Перемены в Кейле накапливались так медленно и так долго, что он не замечал ничего необычного. Как бы само собой получилось, что он выстроил вокруг себя защитную стену, отгораживающую его от других. Если в ней и были уязвимые места, то как раз там, где она ближе всего соприкасалась с Ароном, с Ли и особенно — с Адамом. Может быть, Кейл и чувствовал себя всего безопаснее, когда отец не обращал на него внимания. Лучше пусть тебя вообще не замечают, чем замечают в тебе только плохое.
Еще совсем маленьким Кейл разгадал одну хитрость. Если потихоньку подойти к сидящему отцу и слегка прислониться к его колену, то он машинально поднимет руку и погладит тебя по плечу. Вероятно. Адам даже не отдавал себе отчета в том, что делает, но его непроизвольная ласка вызывала взрыв чувств у сына, и тот научился дорожить атой редкой радостью и приберегал ее на самый худой случай. Это была Кейлова волшебная палочка-выручалочка и обряд, выражающий слепое обожание отца.
Мало что меняется при перемене места. В Салинасе Кейл не завел друзей, как не завел их в Кинг-Сити. У него были знакомые и приятели, его уважали и даже восхищались им, но вот настоящих друзей у него не было. Кейл жил один, сам по себе.
Хотя Ли знал, что Кейл по вечерам уходит из дома и возвращается иногда за полночь, он и виду не подавал и не пытался понапрасну расспрашивать или распекать подростка. Городские полицейские не раз и не два видели, как Кейл допоздна бродит один по улицам. Начальник полиции Хайзерман счел полезным поговорить со школьным надзирателем, и тот заверил его, что Кейл отнюдь не прогульщик, а очень даже успевающий ученик. Хайзерман, разумеется, неплохо знал Адама Траска, и, поскольку Кейл не бил окна и не нарушал общественный порядок, он велел своим подчиненным оставить мальчишку в покое, ко не спускать с него глаз, чтобы тот не попал в беду.

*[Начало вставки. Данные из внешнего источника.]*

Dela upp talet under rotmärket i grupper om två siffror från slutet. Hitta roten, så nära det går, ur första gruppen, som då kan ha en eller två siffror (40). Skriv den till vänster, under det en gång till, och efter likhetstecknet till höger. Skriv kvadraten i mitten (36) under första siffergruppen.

Однажды старый Том Уотсон подошел к Кейлу:
— Ты чего по ночам шляешься?
— Я же никому не мешаю, правда? — возразил тот.
— Вижу, что не мешаешь. Но в такую поздноту спать положено.
— А мне не хочется, — сказал Кейл. Для Старины Тома слова Кейла были сущей бессмыслицей, ибо за всю свою жизнь он не припоминал ни единого дня или часа, когда бы ему самому до смерти не хотелось спать. Парень даже захаживал в игорные дома в Китайском квартале, хотя играть не играл. Словом, загадка да и только. Впрочем, Тому Уотсону вообще многие вещи казались полнейшей загадкой, и у него не возникало никакого желания разгадывать ее.
Во время своих прогулок Кейл частенько вспоминал подслушанный им еще на ферме разговор между Ли и отцом. Ему хотелось докопаться до истины, но составлялась она медленно, по кусочкам: то из фразы, оброненной кем-то на улице, то из болтовни в бильярдной. Арон и внимания бы не обратил на обрывки разговоров, но Кейл схватывал их на лету и запоминал. Он знал, что его мать жива. Он знал также, что Арон не обрадуется, если она вдруг отыщется.